In the world of medical research, the CARDIA study is a rarity, partly because it’s been going on for so long. It’s also because of who it follows. In the mid-1980s, when CARDIA began, the body of scientific evidence regarding cardiovascular health was focused on middle-aged white men, not healthy young black women like Johnson. Through the four sites, CARDIA became the first major study of heart health to incorporate young black and white men and women.
Through the hundreds of thousands of tests administered to participants, starting at two years after they entered the program and running through the 30-year mark, the pitter-patter of all those hearts has helped researchers better understand what’s common knowledge now: Don’t smoke. Limit alcohol. Cut down on red meat. Don’t fry all your foods. Exercise. Keep your stress down.
It also examined the vast racial disparities in health care, including how, by the 20-year follow-up mark, 26 African American patients had suffered from heart failure while only one white patient did.
At Saturday night’s reunion, Sidney took the stage to hoots, hollers, and loud applause. The audience laughed at the idea of how many tests they’ve gone through over three decades, considering they originally signed up for a five-year study. They applauded at the idea of 30 more years of the study, even though funding is only secured for two more years.
At the beginning of his presentation, Sidney experienced technical difficulties getting his microphone to work. He asked the audience if just his voice was loud enough for them to hear.
“No! We’re over 50 now!” one man shouted to even more laughter.
In addition to celebrating the hundreds of people from the Oakland site who were alive and healthy, Sidney also recognized the 95 participants who have died since CARDIA started.
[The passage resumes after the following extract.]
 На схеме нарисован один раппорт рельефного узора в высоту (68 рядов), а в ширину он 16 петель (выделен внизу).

Mitchell Black—originally from Oakland and now of Stockton—attended the event with his wife, Rhonda. The CARDIA study was not only the reason he attended the event, but also likely the reason he was alive to be there. While undergoing chemotherapy and radiation treatments for prostate cancer in 2010, Black was called in for another round of tests for CARDIA. His 25th test involved a chest scan.
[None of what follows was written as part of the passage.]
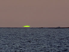 (dat an'n minnsten braken is) is rood, Villicht höört Se ja een Dag to de Glücklichen, de den Grönen Strahl sehn dröfft. Denn wünsch ik Se, dat de "goden" Sagen recht hebbt un dat de Strahl Glück bringt. Man egaal, wat dat Glück bringt orr nich: Dat Schöönste is doch, dat Se in Ehr kort Minschenleven en wunnerbaar Natuurphänomen sehn dröfft, dat dat al Johrmilliarden lang gifft, so lang de Eer besteiht un de schönen Natuurgesetten, de ehr regeert. |

“They found a mass on the main artery in my heart,” he said. “If it wasn’t for CARDIA, I wouldn’t have known about it. It saved my life.”
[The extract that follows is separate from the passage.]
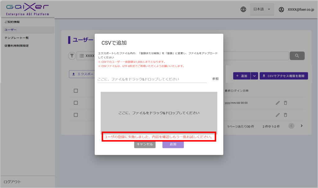 7.「CSVで追加」画面にCSVファイルをドラッグ&ドロップします。

The CARDIA doctors told him to contact his personal doctor, and during a 9-hour surgery, his doctors found not only the 2.3-centimeter calcified mass the CARDIA scan had spotted, but a second one. Black eventually made a full recovery from both the surgery and the cancer.
During the last round of tests for CARDIA, Sidney personally let Black know he was now healthy again. “That put a personal touch to it,” Black said.
People in the study said CARDIA has not only improved their lives, and helped others who have benefitted from the research, but also serves as a regular reminder to avoid things that could damage their hearts.
Greg Morgado began CARDIA during his second year as a deputy with the Alameda County Sheriff’s Office. It’s a high stress job, so Morgado was already taking care to avoid the “cadet diet”: cigarettes, candy, alcohol and donuts. But since his own father died at 50 years old, Morgado wanted to find out more about what the future had in store for him and his heart.
The first exam “felt like a thousand questions,” he said. They wanted to know about his diet, exercise, stress levels and more. “I was hooked then,” Morgado said. “If it has to be answered every five years, I might as well take care of myself.”
Now a senior security event representative as at the Oakland Coliseum and Oracle Arena, Morgado might not be able to keep up with Steph Curry, but he’s healthy enough to feel like he’s part of a control group in the CARDIA study. He responds every time he receives a letter in the mail to come in for more information or more tests.
“They’re never really out of your life,” he said. “I think it’s valuable to participate.”